[COMMITTED,PR106967] frange: revamp relational operators for NANs.

Message ID 20220921090640.2079291-1-aldyh@redhat.com
State Committed
Commit d2278da1c3cb7bf8b3d96c86dbef2982bf4cc54a
Headers
Series [COMMITTED,PR106967] frange: revamp relational operators for NANs. |

Commit Message

Aldy Hernandez Sept. 21, 2022, 9:06 a.m. UTC
  Since NANs can be inserted by other passes even for -ffinite-math-only,
we can't depend on the flag to determine if a NAN is a possiblity.
Instead, we must explicitly check for them.

In the case of -ffinite-math-only, paths leading up to a NAN are
undefined and can be considered unreachable.  I have audited all the
relational code and made sure we're handling the known NAN case before
anything else, setting undefined when appropriate.

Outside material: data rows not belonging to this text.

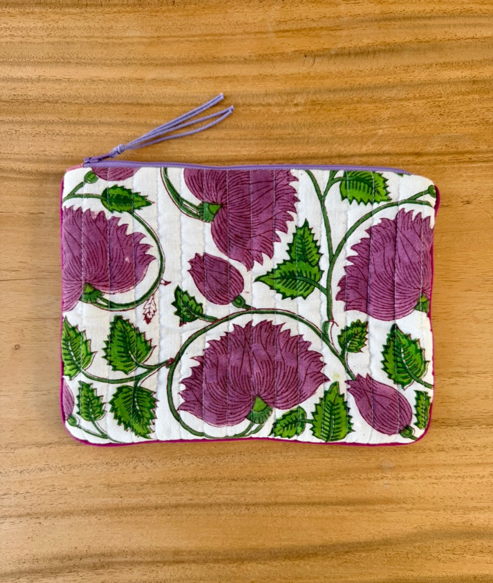 Cette grande trousse plate Nenuphar est idéale pour y mettre tous vos papiers, argent, maquillage, médicaments, clés...Elle est matelassée, bordée d'un passepoil et cousue à la main dans notre atelier parisien. C'est aussi un petit cadeau raffiné idéal.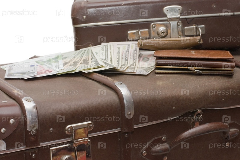 Деньги и кошелек лежат на старом чемодане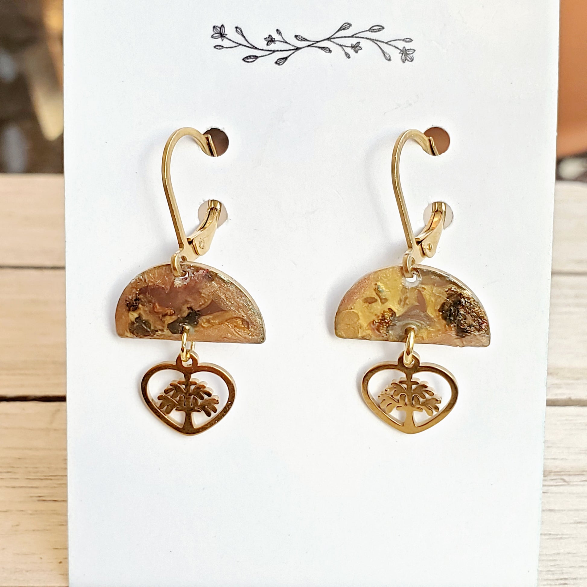 Boucles d'oreilles avec deux breloques en laiton et en acier inoxydable. Celle en laiton est peinte à la main. Modèle unique.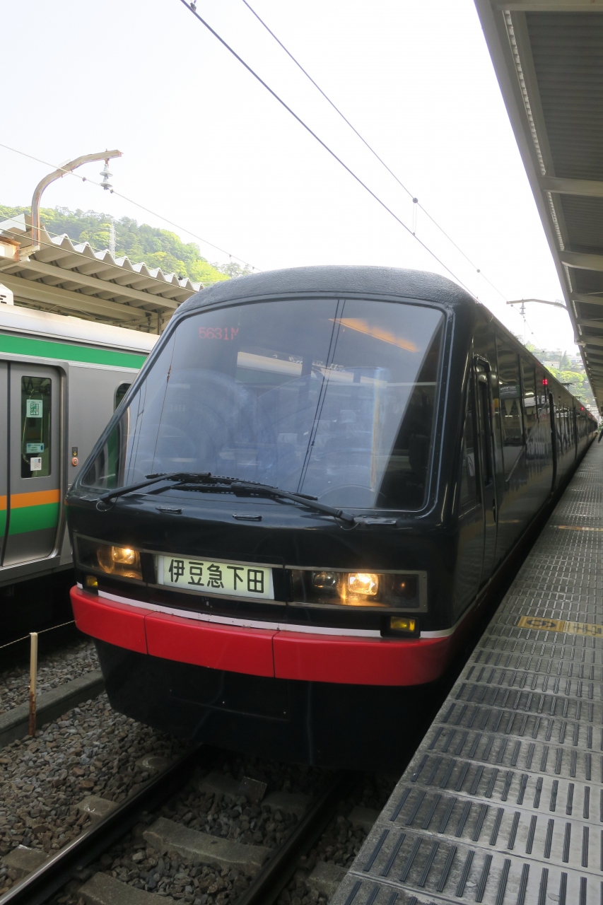黒船をイメージした,黒い電車です.リゾート21として使われていたもので,海側は海側に向いた座席,山側は一人がけシートの向かい合わせになっています.

In the process, I revamped all the relational code handling NANs to
correctly notice paths that are unreachable.

The basic structure for ordered relational operators (except != of
course) is this:

	If either operand is a known NAN, return FALSE.

	The true side of a relop when one operand is a NAN is
	unreachable.

	On the false side of a relop when one operand is a NAN, we
	know nothing about the other operand.

Regstrapped on x86-64 and ppc64le Linux.
lapack testing on x86-64 with and without -ffinite-math-only.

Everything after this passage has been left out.